Pursuant to the requirements of the Securities Act of 1933, this
registration statement has been signed by the following persons in the indicated
capacities as of August 15, 2001.
Signature Title
/s/Martin A. Kits van Heyningen Chief Executive Officer and Director August 15, 2001
Martin A. Kits van Heyningen (Principal Executive Officer)
/s/Richard C. Forsyth. Chief Financial Officer August 15, 2001
Richard C. Forsyth (Principal Accounting
and Financial Officer)
/s/Arent H. Kits van Heyningen Director August 15, 2001
Arent H. Kits van Heyningen
/s/Robert W. B. Kits van Heyningen Director August 15, 2001
Robert W.B. Kits van Heyningen
/s/Mark S. Ain Director August 15, 2001
Mark S. Ain
/s/Stanley K. Honey Director August 15, 2001
Stanley K. Honey
/s/Werner Trattner Director August 15, 2001
Werner Trattner
Director
Charles R. Trimble
EXHIBIT INDEX
Exhibit
No.
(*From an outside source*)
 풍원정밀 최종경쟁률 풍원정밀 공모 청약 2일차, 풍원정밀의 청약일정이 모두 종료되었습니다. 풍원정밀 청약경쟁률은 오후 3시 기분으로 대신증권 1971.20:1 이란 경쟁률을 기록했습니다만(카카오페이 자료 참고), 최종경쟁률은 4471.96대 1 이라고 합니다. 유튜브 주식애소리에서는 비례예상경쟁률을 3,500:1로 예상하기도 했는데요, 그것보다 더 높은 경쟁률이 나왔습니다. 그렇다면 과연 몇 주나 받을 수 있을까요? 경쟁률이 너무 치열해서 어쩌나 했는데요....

Description
4.1 Amended and Restated 1996 Incentive and Nonqualified Stock Option Plan
4.2 Amended and Restated 1996 Employee Stock Purchase Plan
5.1 Opinion of Foley, Hoag & Eliot llp
23.1 Consent of KPMG llp
23.2 Consent of Foley, Hoag & Eliot llp (included in Exhibit 5.1)
24.1 Power of Attorney (contained on the signature page)
Exhibit 5.1
August 15, 2001
KVH Industries, Inc.
110 Enterprise Center
Middletown, RI 02842
Ladies and Gentlemen:
We have acted as counsel for KVH Industries, Inc., a Delaware
corporation (the "Company"), in connection with the preparation and filing with
the Securities and Exchange Commission under the Securities Act of 1933, as
amended, of a Registration Statement on Form S-8 (the "Registration Statement")
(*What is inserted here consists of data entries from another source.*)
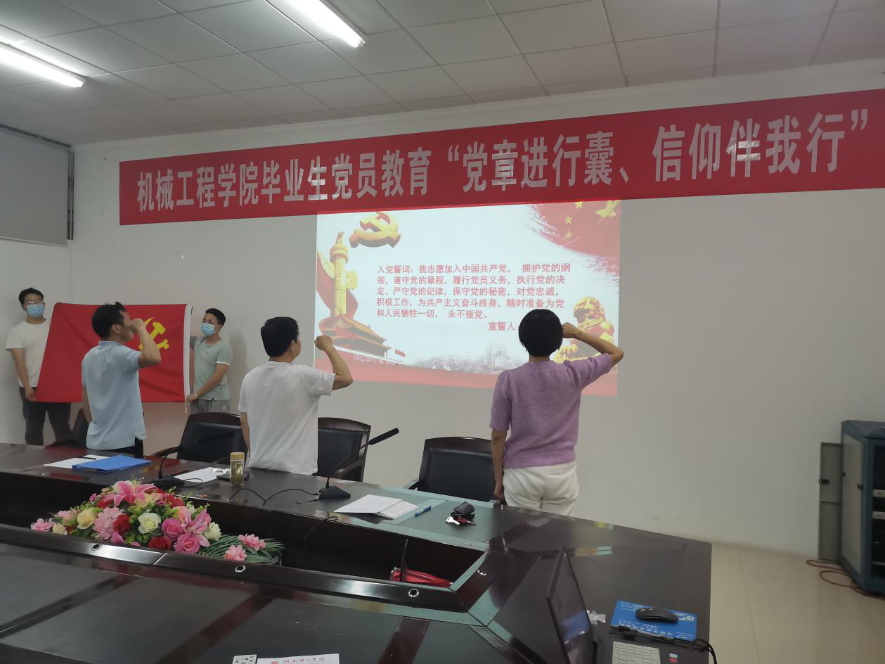 “我志愿加入中国共产党/拥护党的纲领/遵守党的章程/……”。5月28日,机械公司2020届毕业生党员“党章进行囊,信仰伴我行”主题教育活动在公司会议室庄严举行。机械公司全部本科、硕士毕业生党员再次举起右手,庄严宣誓,初心依旧,信念坚定。机械公司党委书记陈积光出席、副书记徐湛主持。
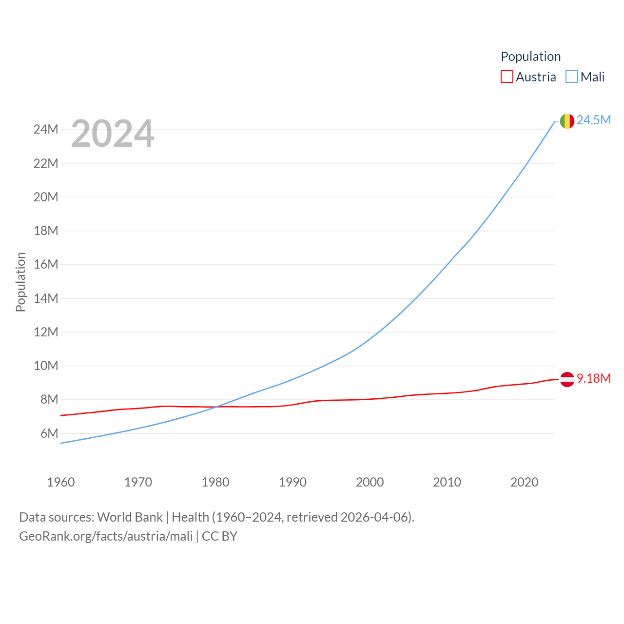 Austria has a population of 9.18M (ranked 99/197), compared with 24.5M in Mali (ranked 58/197). Austria's land area is 31,861 sq mi versus 471,118 sq mi for Mali (ranked 113th vs. 23rd).
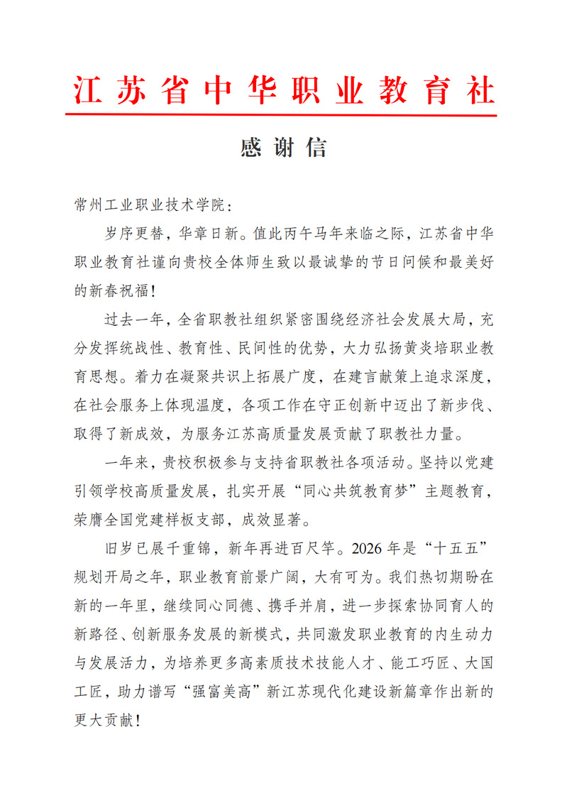 2月12日,江苏省中华职业教育社向我校发来感谢信,对我校在2025年对省职教社工作的支持以及为职业教育发展所做出的贡献表达了诚挚谢意。
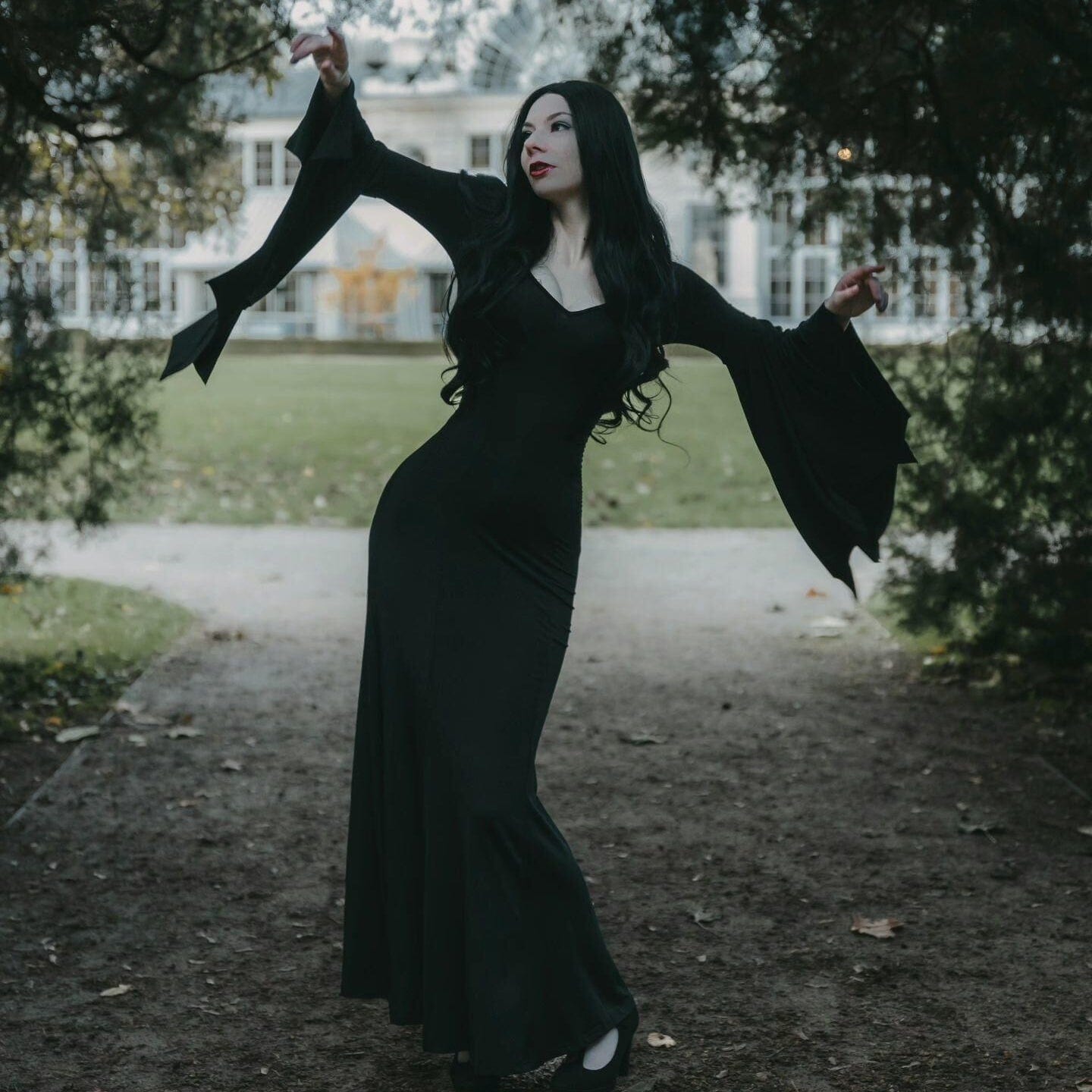 - Elegantes Design: Ein raffinierter Meerjungfrau-Stil und dramatische Fledermausärmel verleihen dem Kleid mystische und verführerische Akzente.

relating to the offering by the Company of 1,250,000 shares (the "Shares") of
its common stock, $.01 par value, issuable pursuant to the KVH Industries, Inc.
Amended and Restated 1996 Incentive and Nonqualified Stock Option Plan and
Amended and Restated 1996 Employee Stock Purchase Plan (the "Plans").
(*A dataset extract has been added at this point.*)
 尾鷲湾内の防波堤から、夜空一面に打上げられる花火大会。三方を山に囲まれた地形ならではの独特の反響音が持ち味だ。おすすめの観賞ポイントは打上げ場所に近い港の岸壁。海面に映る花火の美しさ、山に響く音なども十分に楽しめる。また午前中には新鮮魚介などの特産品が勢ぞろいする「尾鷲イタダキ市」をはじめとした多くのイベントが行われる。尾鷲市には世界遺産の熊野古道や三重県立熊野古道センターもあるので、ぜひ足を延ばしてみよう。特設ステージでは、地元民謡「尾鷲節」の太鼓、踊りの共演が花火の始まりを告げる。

In arriving at the opinions expressed below, we have examined and
relied on the following documents:
(i) the Registration Statement;
(ii) copies of the Plans;
(iii) the Certificate of Incorporation of the Company, as amended as of the
date hereof;
(iv) the By-Laws of the Company, as amended as of the date hereof; and
(v) the records of meetings and consents of the Board of Directors and
stockholders of the Company provided to us by the Company.
In addition, we have examined and relied on the originals or copies
certified or otherwise identified to our satisfaction of all such other records,
documents and instruments of the Company and such other persons, and we have
made such investigations of law, as we have deemed appropriate as a basis for
the opinions expressed below. We have assumed the genuineness of all signatures
and the authenticity of all documents submitted to us as originals and the
conformity to the original documents of all documents submitted to us as
certified or photostatic copies.
We express no opinion other than as to the General Corporation Law of
the State of Delaware.
Based upon the foregoing, we are of the opinion that:
1. The Company has the corporate power necessary for the
issuance of the Shares under the Plans, as contemplated by the
Registration Statement.
2. The Shares have been duly authorized and, when issued against
payment of the agreed consideration therefor in accordance
with the respective exercise prices therefor as described in
each of the Plans, will be validly issued, fully paid and
non-assessable.
We consent to the filing of this opinion as Exhibit 5.1 to the
Registration Statement.
Very truly yours,
Foley, Hoag & Eliot LLP
By /s/Adam Sonnenschein
Adam Sonnenschein, Esq.
Exhibit 23.1
CONSENT OF INDEPENDENT AUDITORS
The Board of Directors
KVH Industries, Inc.
We consent to the use of our reports included in the KVH Industries, Inc. Annual
Report on Form 10-K for the fiscal year ended December 31, 2000, which is
incorporated by reference herein, and to the reference to our firm under the
heading "Experts" in the prospectus.